[TASK TO CARRY OUT]
Copy the records below exactly, starting at the line that contains "Mochila de cordones" and ending at the line that contains "美國 TRAVELON - Runways雙層防盜斜背胸包(月影灰)"; leave out any pictures.

[DATASET EXCERPTS]
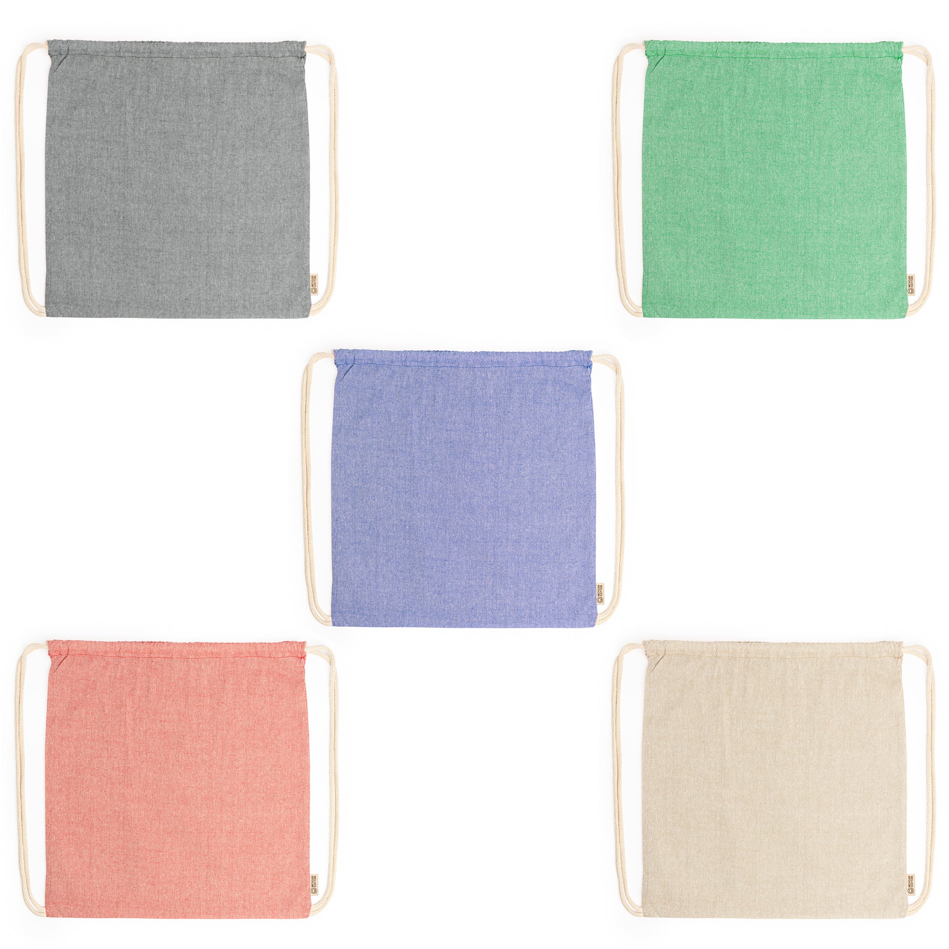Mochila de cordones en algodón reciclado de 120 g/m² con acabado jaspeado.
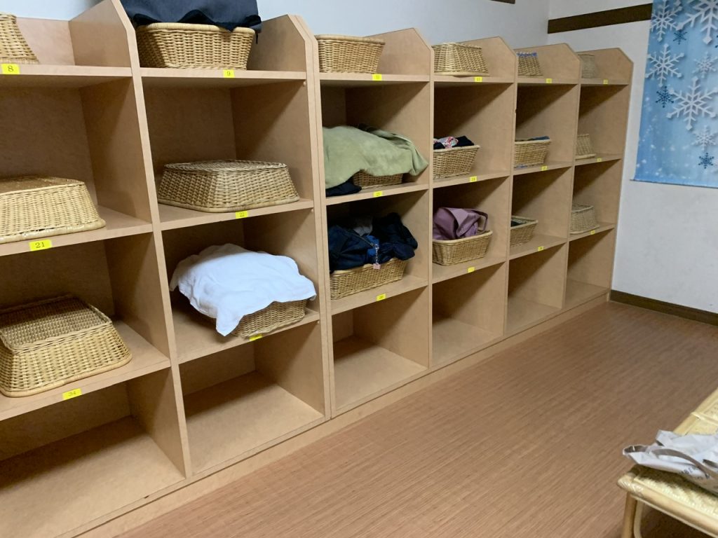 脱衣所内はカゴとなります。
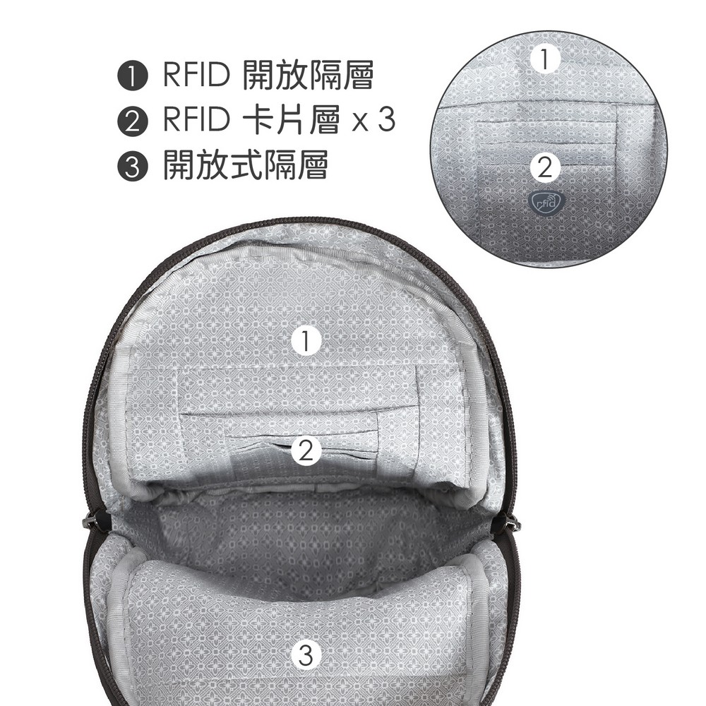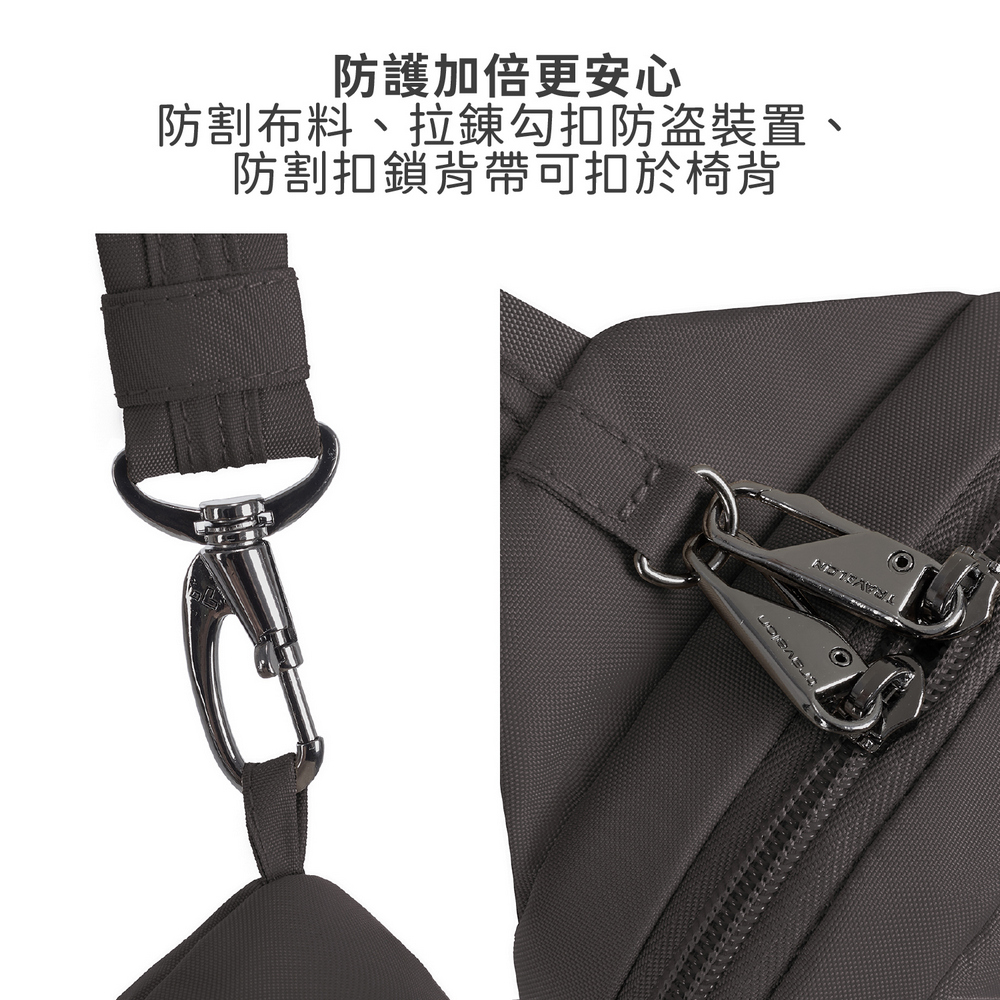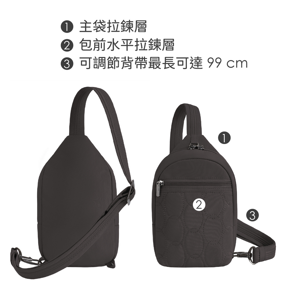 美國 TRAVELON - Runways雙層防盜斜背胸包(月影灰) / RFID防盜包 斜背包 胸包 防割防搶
--
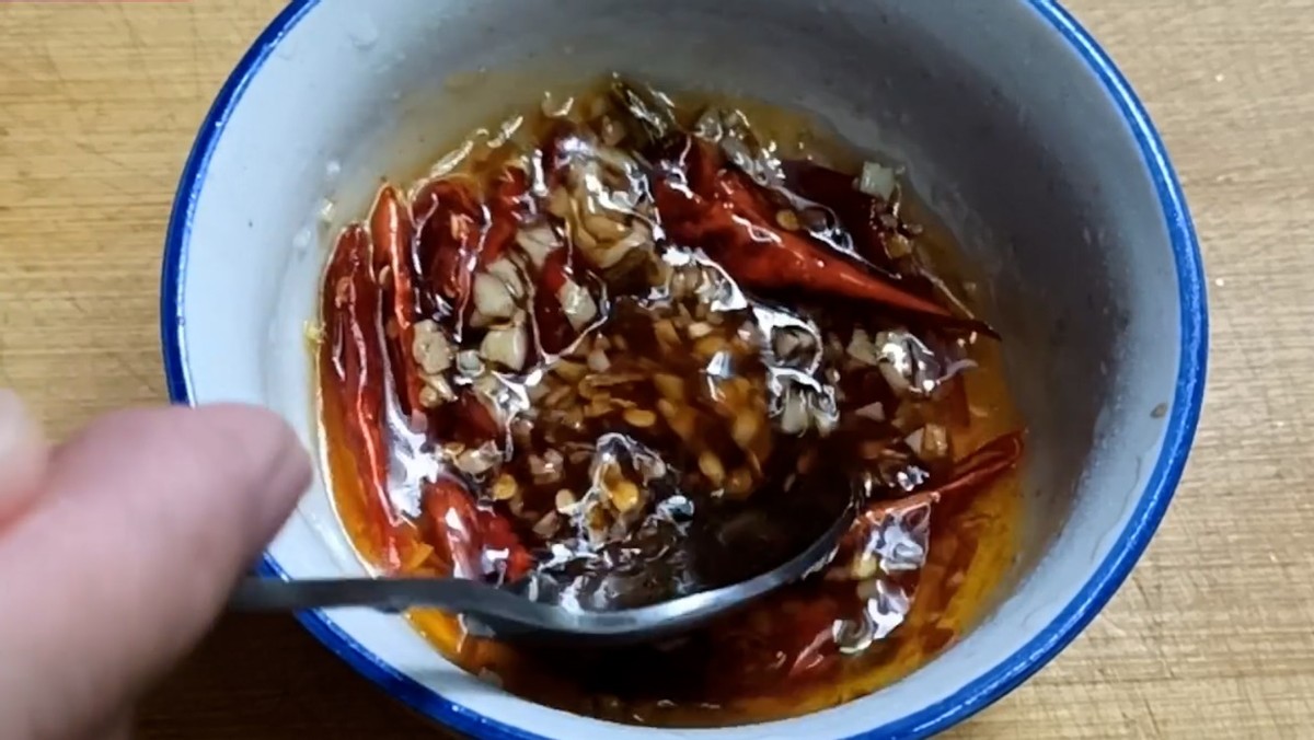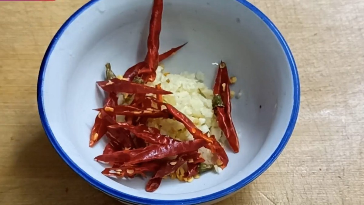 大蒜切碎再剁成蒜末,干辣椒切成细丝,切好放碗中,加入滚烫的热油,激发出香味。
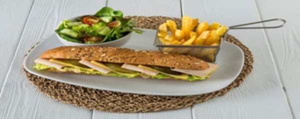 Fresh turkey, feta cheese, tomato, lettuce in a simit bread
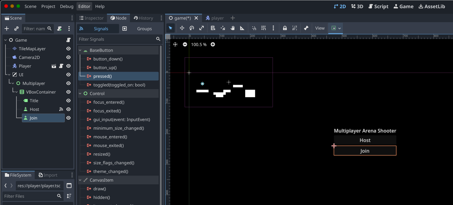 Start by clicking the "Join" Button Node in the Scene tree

[RESULT OF THIS TASK]
Mochila de cordones en algodón reciclado de 120 g/m² con acabado jaspeado.
 脱衣所内はカゴとなります。
 美國 TRAVELON - Runways雙層防盜斜背胸包(月影灰) / RFID防盜包 斜背包 胸包 防割防搶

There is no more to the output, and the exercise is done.